I arrived in Sofia around 6 PM and spent a few minutes acquainting myself with the screenshot I had saved on my phone which showed the location of my hostel, Nightingale, in relation to the central bus station before eventually making my way through Sofia’s back streets to arrive at my destination. I made my way up the winding staircase to the hostel. My ears were immediately greeted by the sound of loud metal music which was blasting from the hostel attendant’s desk. I never caught the attendant’s name but every encounter with him left me somewhat bewildered as everything about him appeared to be hippy, but every action he took screamed metal.
My room was located directly under the roof and was shared with at least fifteen other beds. I locked my belongings in my personal storage locker and spent the remainder of the evening relaxing in one of the common rooms, charging my phone, and talking over the internet to the friends I had just left behind. The most interesting feature of the hostel, besides the attendant, was the fact that visitors often left behind phrases written on paper and taped to the hostel walls. The one that drew my attention most turned out later to be from Stephen Hawkings, “Quiet people have the loudest minds.”
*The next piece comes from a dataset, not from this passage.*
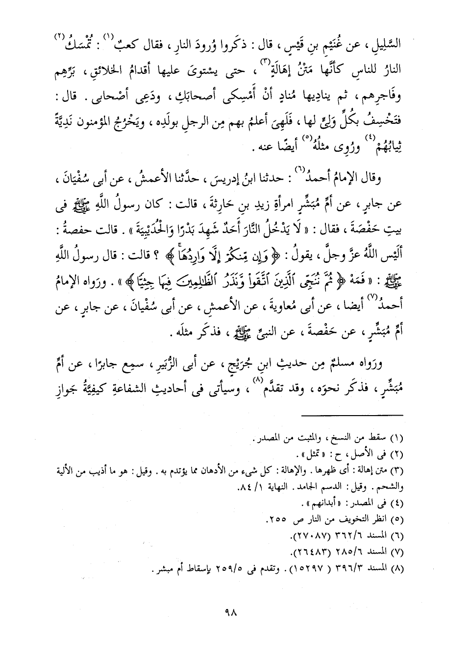وَقَالَ الْإِمَامُ أَحْمَدُ: حَدَّثَنَا ابْنُ إِدْرِيسَ، حَدَّثَنَا الْأَعْمَشُ، عَنْ أَبِي سُفْيَانَ، عَنْ جَابِرٍ، عَنْ أُمِّ مُبَشِّرٍ امْرَأَةِ زَيْدِ بْنِ حَارِثَةَ، قَالَتْ: «كَانَ رَسُولُ اللَّهِ صَلَّى اللَّهُ عَلَيْهِ وَسَلَّمَ فِي بَيْتِ حَفْصَةَ، فَقَالَ: " لَا يَدْخُلُ النَّارَ أَحَدٌ شَهِدَ بَدْرًا وَالْحُدَيْبِيَةَ ". قَالَتْ حَفْصَةُ: أَلَيْسَ اللَّهُ عَزَّ وَجَلَّ، يَقُولُ: {وَإِنْ مِنْكُمْ إِلَّا وَارِدُهَا} [مريم: 71] قَالَتْ: قَالَ رَسُولُ اللَّهِ صَلَّى اللَّهُ عَلَيْهِ وَسَلَّمَ: " فَمَهْ {ثُمَّ نُنَجِّي الَّذِينَ اتَّقَوْا وَنَذَرُ الظَّالِمِينَ فِيهَا جِثِيًّا} [مريم: 72] » وَرَوَاهُ الْإِمَامُ أَحْمَدُ أَيْضًا، عَنْ أَبِي مُعَاوِيَةَ، عَنِ الْأَعْمَشِ، عَنْ أَبِي سُفْيَانَ، عَنْ جَابِرٍ، عَنْ أُمِّ مُبَشِّرٍ، عَنْ حَفْصَةَ، عَنِ النَّبِيِّ صَلَّى اللَّهُ عَلَيْهِ وَسَلَّمَ، فَذَكَرَ مِثْلَهُ.

I woke up early the next morning with a strange idea to do something stupid. It was 95 degrees in Sofia and I wanted to go running. So I did. I found a very large park nearby which was connected to an even larger forest, each with trails perfect for running. The forest was idyllic and devoid of any of the trash and graffiti I’ve come to expect from the Balkans. I did not worry too much about it’s absence as I knew it would be waiting for me when I finished my run about an hour later.
After my run I treated myself to McDonald’s for the first time since my journey began which was located in an underground pedestrian bypass. I then returned to the hostel and immediately fell back asleep. Fortunately, when I awoke for the second time that day I had no such crazy notions as I had entertained the first time. Instead, I simply put my shoes on and left to explore the city. I immediately noticed that Sofia doesn’t feel at all like Belgrade. The streets are too straight and make entirely too much sense. The buildings seem more modern with their massive neon signs on their roofs advertising somewhat obtrusively and unaesthetically for a smorgasbord of American corporations. Sure, Belgrade had a few of these signs, but they at least advertised a few of their own companies.
Sofia boasts some beautiful architecture and more than a few lovely monuments. The most impressive of these is that dedicated to The Liberator Tsar. There is also an eery looking statue of Tsar Samuel not too far removed from the crown jewel of Sofia, the St. Alexander Nevsky Cathedral dedicated to the fallen Bulgarians, Romanians, Belarussians, Ukrainians, and Russian soldiers who died liberating Bulgaria from the Ottoman Empire. With the capacity to hold ten thousand people, this cathedral was constructed in the late 1800’s and is the second largest on the Balkan Peninsula after the yet incomplete Temple of St. Sava in Belgrade.
Aside from the architecture there are also several pedestrian shopping districts which were home to my favorite part of the city, the people. Despite the amazing sights, my favorite experience in Sofia was interacting with the locals only in Serbian without them trying to speak back to me in English. Likely they didn’t understand me very well and for the life of me I had no idea what they were saying, but it was nonetheless pleasant and painless.
My second day in Sofia was dedicated simply to a quick photo tour followed by catching up with these writings in a quiet cafe in which, much to the relief of the shopkeeper, I feel like I quelled what might have been a particularly violent student uprising.